Paper long abstract:
Beginning in 2006, staff at the American Folklife Center have supported the Protocols for Native American Archival Materials, which were finally adopted as an "outside standard" by the Society of American Archivists in the summer of 2018, after much discussion about conflicts of values - the value of staff time, of minimal processing, minimal description, privileging "usage" over preservation vs. the value of community curation and community control of Native American cultural heritage materials.
The "Ancestral Voices" project at the American Folklife Center is a collaborative project to add contextual description to archival catalog records of 1890s recordings of Passamaquoddy speech and songs, as well as to existing collection descriptions of other Native American recordings at the Library of Congress. Adding Passamaquoddy translations, interpretations, cultural history, and indigenous knowledge to standard MARC catalog records is slow but rewarding because of the conversation taking place over months on multiple occasions, including face-to-face meetings.
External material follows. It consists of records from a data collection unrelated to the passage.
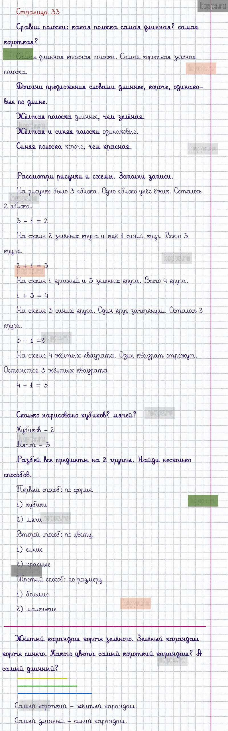 Подробные ответы к заданиям, расположенным на 33 странице 1 части учебника по математике авторов М.И. Моро, С.И. Волкова, С.В. Степанова для учащихся 1 класса.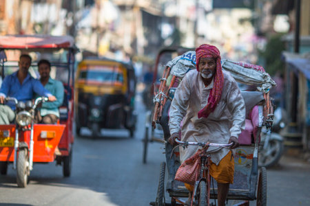 DELHI, INDIA - OCTOBER 22, 2016: Cyclorickshaw rides in the center of Delhi, India.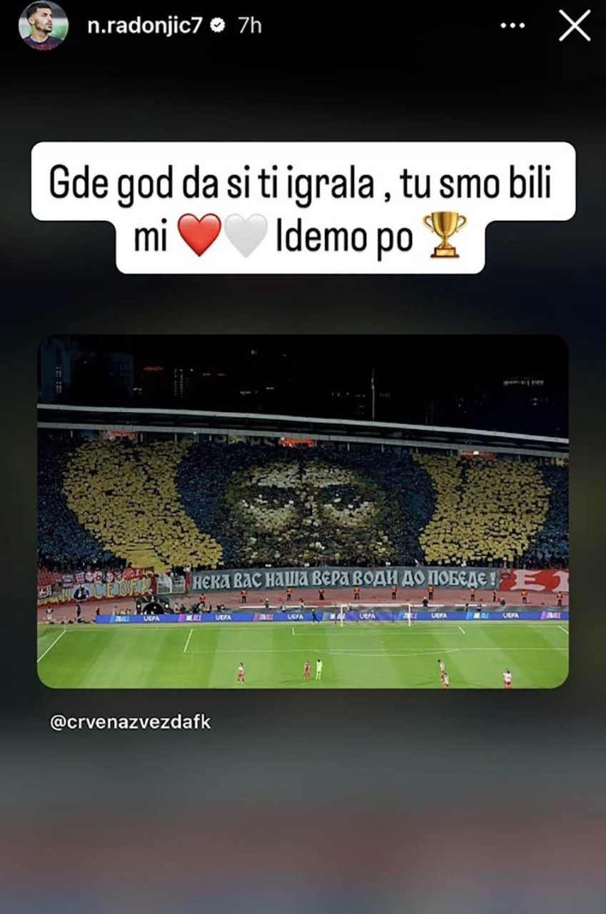Oglasio se i Radonjić posle eliminacije crveno-belih iz Evrope i na svom Instagram profilu napisao je jasnu poruku: - Gde god da si ti igrala, tu smo bili mi.
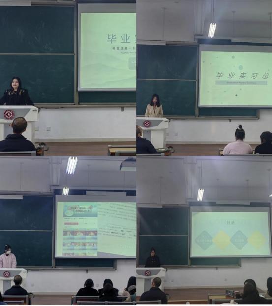 接着,四位优秀实习生代表分别从实习单位、实习经历和实习收获三个方面对实习进行了总结。在贵州广播电视台融合创新部实习的周家悦同学向大家分享了她在实习工作中遇到的困难,以及如何转变思维成为一名合格的职场人的经验,也为下一级的同学提供了有效的实习建议。在镇宁布依族苗族自治县融媒体中心实习的赵雨芳同学则感叹,一旦进入到实习岗位,就会有很强的责任感,意识到自己身负重任,即使有时接到的任务有难度,也能想尽办法克服。在西安字节跳动公司实习的赵乐乐同学分享了在该公司实习的三个阶段,这三个阶段分别考验实习生不同的工作能力,与此同时也能够获得大大的提升。她也为所有对实习就业感到迷茫的同学指出,只要找对方向,实习生也能够在企业中获得成长与滋养。高楠同学对她在延安市安塞区融媒体中心的实习工作做了详细的说明,并展示了她在实习期间的独立作品。同学们普遍认为,专业实习提高了实际工作的能力,为就业和将来的工作取得了一些宝贵的实践经验。同时,实习经历还是日后进入职场的一次演练,有助于开拓眼界,积累人脉资源,帮助他们更好的适应社会。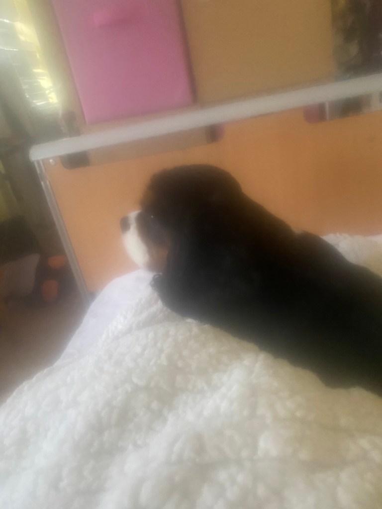Charlie holiday in and chilling on my bed in 2023 summer. Time call Louie is Grandma King Charles spaniel who is holidaying at my house at the moment. Iād like to think of my bedroom as his hotel room last night mode that I love him. Love you, Charlie š«¶š¼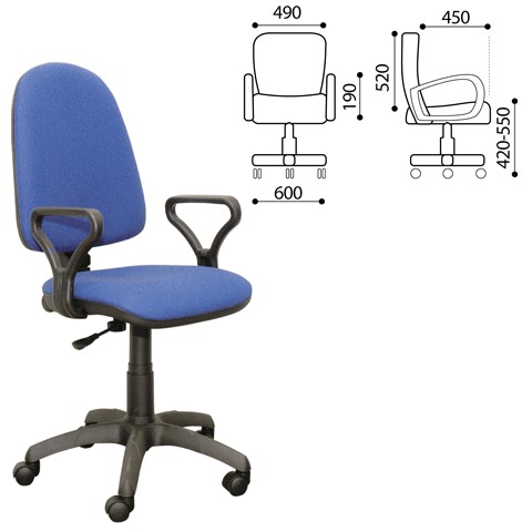 Кресло оператора Престиж с подлокотниками, черно-синее В-12

Contributing to "slowness" are technical limitations of updating MARC records on an iterative basis in a Voyager database (the Library of Congress catalog) that was not designed for flexible manipulation of records, and which must also deliver the digital audio files to the Library's web site.
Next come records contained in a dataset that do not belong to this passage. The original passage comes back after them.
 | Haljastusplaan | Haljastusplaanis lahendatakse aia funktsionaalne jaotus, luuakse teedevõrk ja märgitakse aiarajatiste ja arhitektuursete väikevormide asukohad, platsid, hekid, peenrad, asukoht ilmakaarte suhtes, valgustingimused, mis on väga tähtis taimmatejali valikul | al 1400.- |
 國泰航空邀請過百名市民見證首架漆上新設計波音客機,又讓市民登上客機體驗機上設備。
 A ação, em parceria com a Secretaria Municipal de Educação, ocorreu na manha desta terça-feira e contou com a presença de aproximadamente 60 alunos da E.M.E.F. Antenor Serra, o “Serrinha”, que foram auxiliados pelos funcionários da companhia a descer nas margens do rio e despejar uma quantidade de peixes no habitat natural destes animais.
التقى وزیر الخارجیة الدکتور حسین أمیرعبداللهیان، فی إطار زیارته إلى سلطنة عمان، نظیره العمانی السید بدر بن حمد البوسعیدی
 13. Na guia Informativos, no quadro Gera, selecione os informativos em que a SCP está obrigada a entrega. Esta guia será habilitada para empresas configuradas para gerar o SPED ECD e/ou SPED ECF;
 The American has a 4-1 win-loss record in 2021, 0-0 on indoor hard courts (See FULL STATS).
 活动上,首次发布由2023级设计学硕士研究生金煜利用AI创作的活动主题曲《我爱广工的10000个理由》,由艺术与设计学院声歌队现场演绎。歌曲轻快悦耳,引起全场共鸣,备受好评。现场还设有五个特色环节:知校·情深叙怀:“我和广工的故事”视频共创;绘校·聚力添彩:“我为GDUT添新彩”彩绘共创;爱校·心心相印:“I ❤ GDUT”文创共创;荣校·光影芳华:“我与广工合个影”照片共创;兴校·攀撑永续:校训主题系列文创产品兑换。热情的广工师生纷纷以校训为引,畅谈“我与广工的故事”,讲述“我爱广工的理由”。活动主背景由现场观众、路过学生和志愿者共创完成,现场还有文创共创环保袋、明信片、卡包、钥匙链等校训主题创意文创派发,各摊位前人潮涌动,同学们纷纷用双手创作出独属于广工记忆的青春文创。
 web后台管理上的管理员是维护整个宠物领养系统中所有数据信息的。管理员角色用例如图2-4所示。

Our commitment to this process lies in its inherent value (not relative values)-- in the belief that the differences we are making and the process of continuing collaboration may aid cultural and language survival for people to whom it matters the most.
Paper short abstract:
This presentation will describe the development of the Oral Materials National Repository in Mexico: its general principles and its latest improvements, such as a GIS based application that allows the query of data from a graphical interface.
Paper long abstract:
For over ten years, the research group of the Oral Materials National Laboratory (www.lanmo.unam.mx) has worked on the construction of a repository to store the documentation of oral discourses in Mexico. These materials, generated from very different types of field work, are often scattered and inaccessible. The Oral Materials National Repository is an open access electronic system that allows the ordered and systematic storage of this kind of archives. It is flexible enough to include materials generated from different academic perspectives and it is intended to be not only a reasearch tool, but also a reference source for the different communities that provided the oral information in the first place. This presentation will describe the general principles of this archive as well as its latest improvements, such as a GIS based application that allows the query of data from a graphical interface.